The thousands who rallied in the U.S. capital set an example of how to defend this important gain. More such mobilizations are needed. Equally important is the need to vigorously join the debate and patiently explain why affirmative action is vital for the working class.
Affirmative action, now under attack in two cases before the Supreme Court involving the University of Michigan admissions policy, is not about "diversity." Nor is it about rectifying the discrimination of yesterday. It is a weapon in the struggle against racist and sex discrimination today. It is a class question--part of the fight to strengthen the working class as a whole.
Opponents of affirmative action argue for "race-neutral" admissions. There is no such thing. University officials have long used all kinds of special preferences in admitting students.

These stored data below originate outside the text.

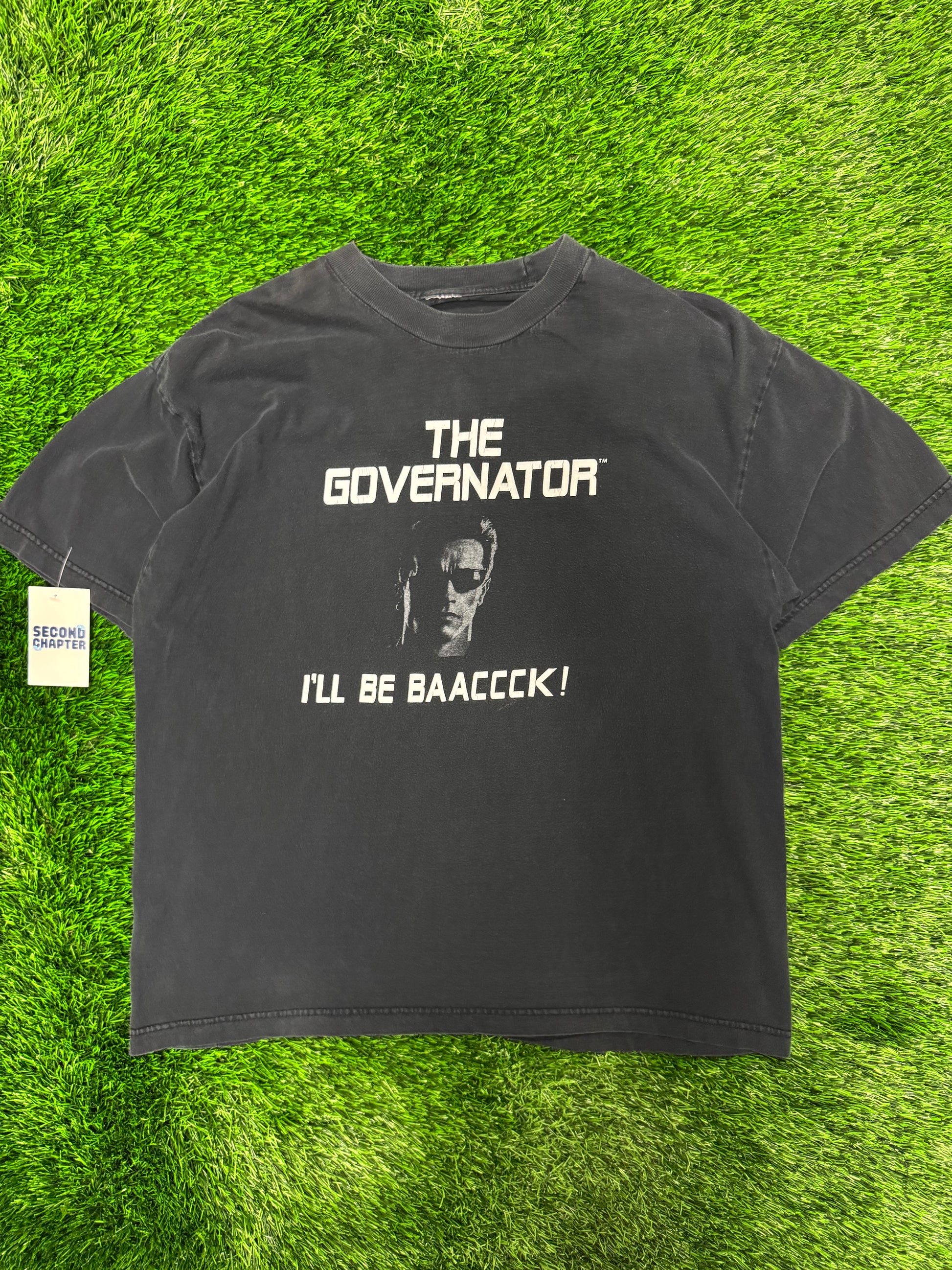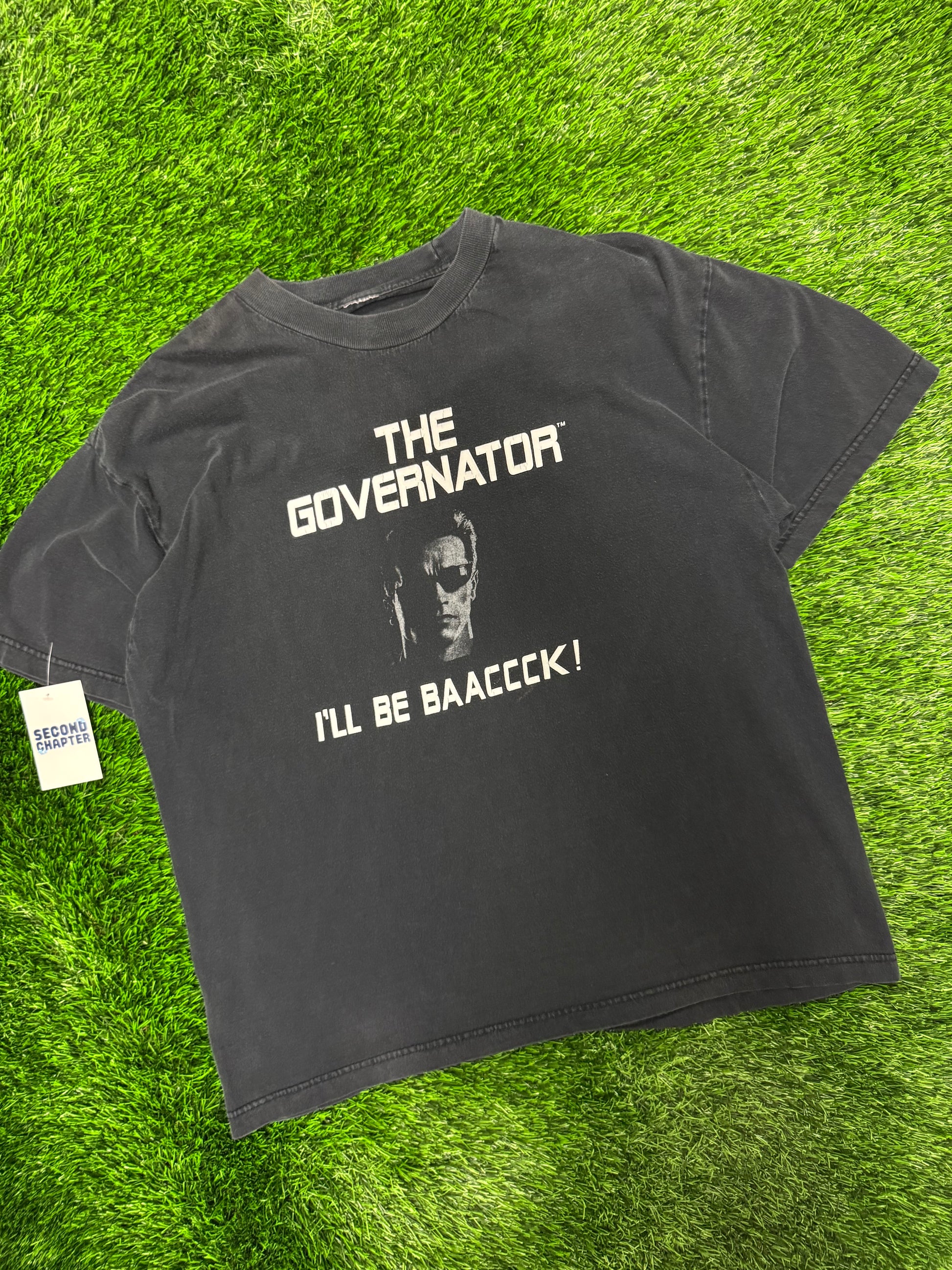 00s Arnold Schwarzenegger The Governator "I'll Be Baaccck!" Vintage Terminator Parody Tee (XL)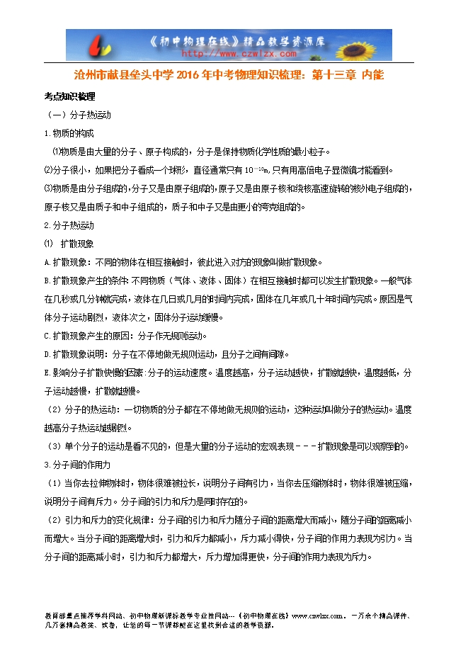 沧州市献县垒头中学2016年中考物理知识梳理:第十三章 内能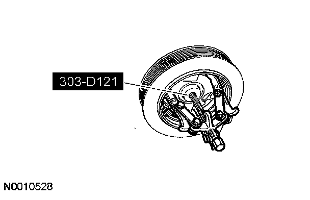 27. Remove and discard the crankshaft pulley bolt. Using the special tool, remove the crankshaft pulley.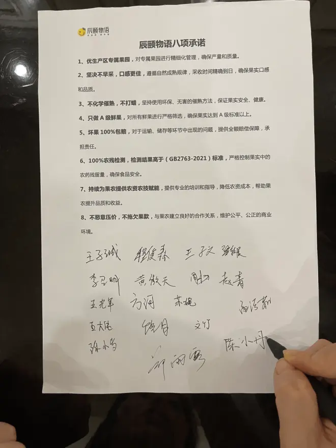 事实上,早在2016年辰颐物语就开始和广西、海南、云南等多地区的果农进行合作,除了为其赋能农资农技,提供专业的培训和指导外,还签署了“坚决不早采”“只做A级鲜果”“不恶意压价、不拖欠果款”等多项承诺。在经过多年的沉淀后,如今正式推出《承诺书》。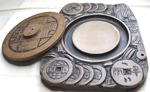 | 縦21cm、横17.5cm、厚さ3.5cm 円形の墨堂以外は、硯縁の四周及び背面・蓋まで古錢紋様を彫り込んだ、山 西省新絳県の所謂絳州澄泥黄色長方陶硯で、甚だ俗っぽい感じがする。 本品は、現在一般的に流布している江蘇省蘇州付近の霊巌山産出の石で、 所謂蘇州澄泥石硯(正確には、霊巌山石硯と言う可きであろう)と称する石硯 (NO169を参照)ではなく、古来より真しやかに言われていた、汾河の水を 細かく濾過した泥を固めて特殊な漆喰とし、其れを彫刻造形し、燃焼して作り 上げた陶硯で、所謂絳州澄泥硯(陶硯)と称される、山西省新絳県の伝承的 な澄泥陶硯である。現在の澄泥陶硯は、燃焼時間の差異に因り、色調が茶 色から黒色まで多様である。亦た山西省には、同じ澄泥陶硯である忻州五台 県の五台山澄泥陶硯も有る。 澄泥陶硯には、代表的な産地が三カ所有り、山西省の絳州澄泥陶硯・河南省 の虢州澄泥陶硯・山東省の魯柘澄泥陶硯である。 尚、陶硯としては、江蘇省宜興の紫紅砂を用いた紫紅陶硯も有る。 |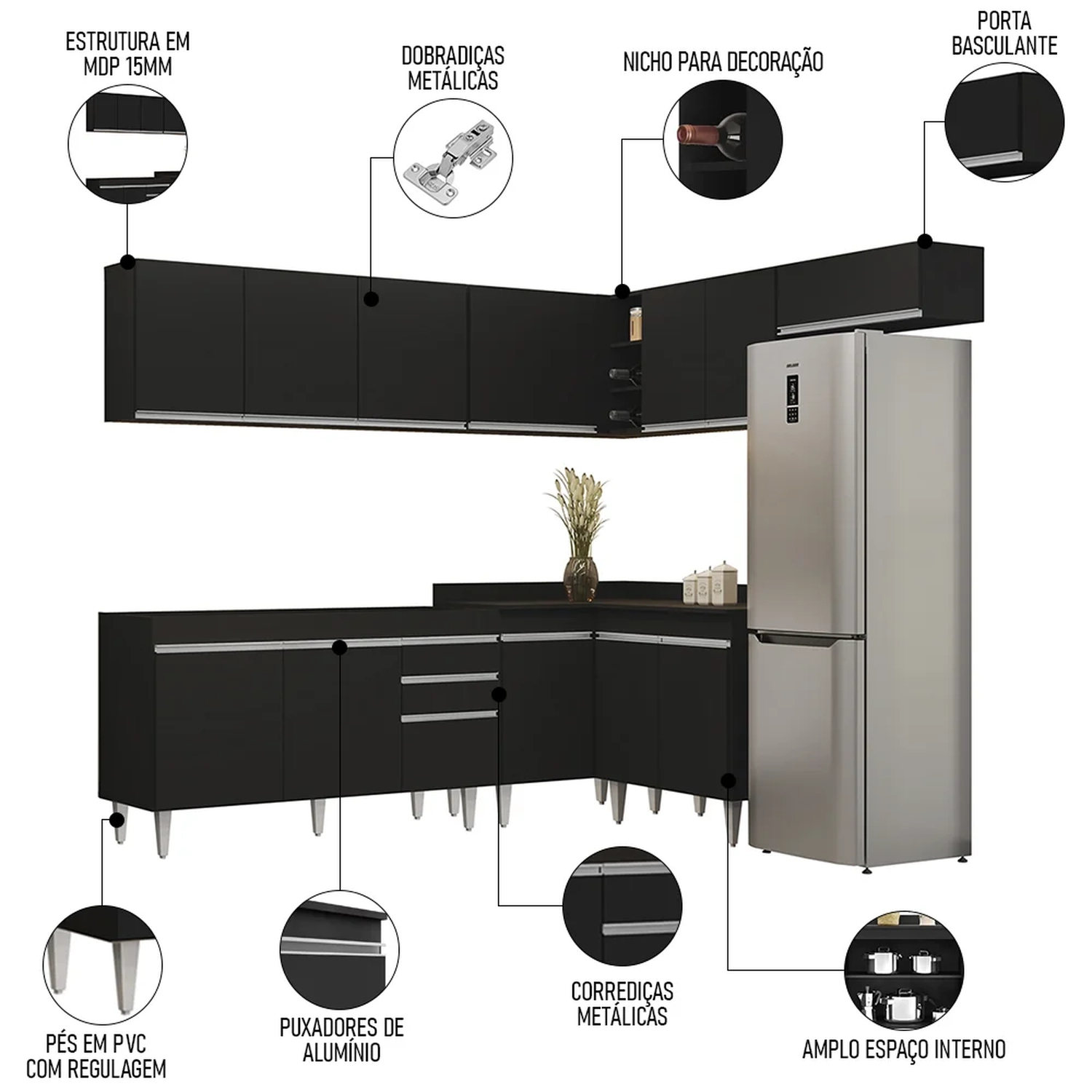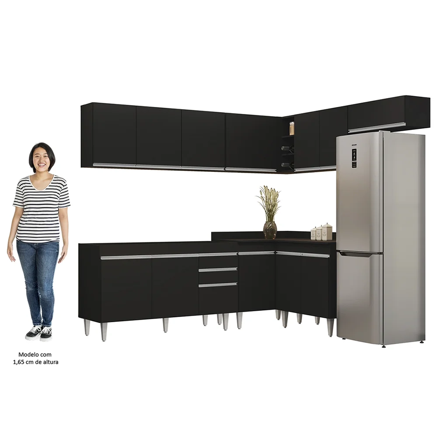 Conteúdo da Embalagem: 1 Balcão 150cm, 1 Armário Aéreo 150cm, 1 Armário Aéreo 70cm, 1 Armário Aéreo 80cm, 1 Balcão 80cm, 1 Balcão de canto, 1 Armário Aéreo de Canto.

Students whose parents have special connections with the administration, for example, or whose relatives have attended the college, are given the inside track. The same is true for those who went to high schools offering advanced-placement classes. A higher proportion of children from the wealthy classes attend these schools. Far from being "race-neutral," such formal and informal selection schemes, operating day-in and day-out as an integral part of the lawful workings of the market system, perpetuate the racist status quo. That is one reason affirmative action is needed today.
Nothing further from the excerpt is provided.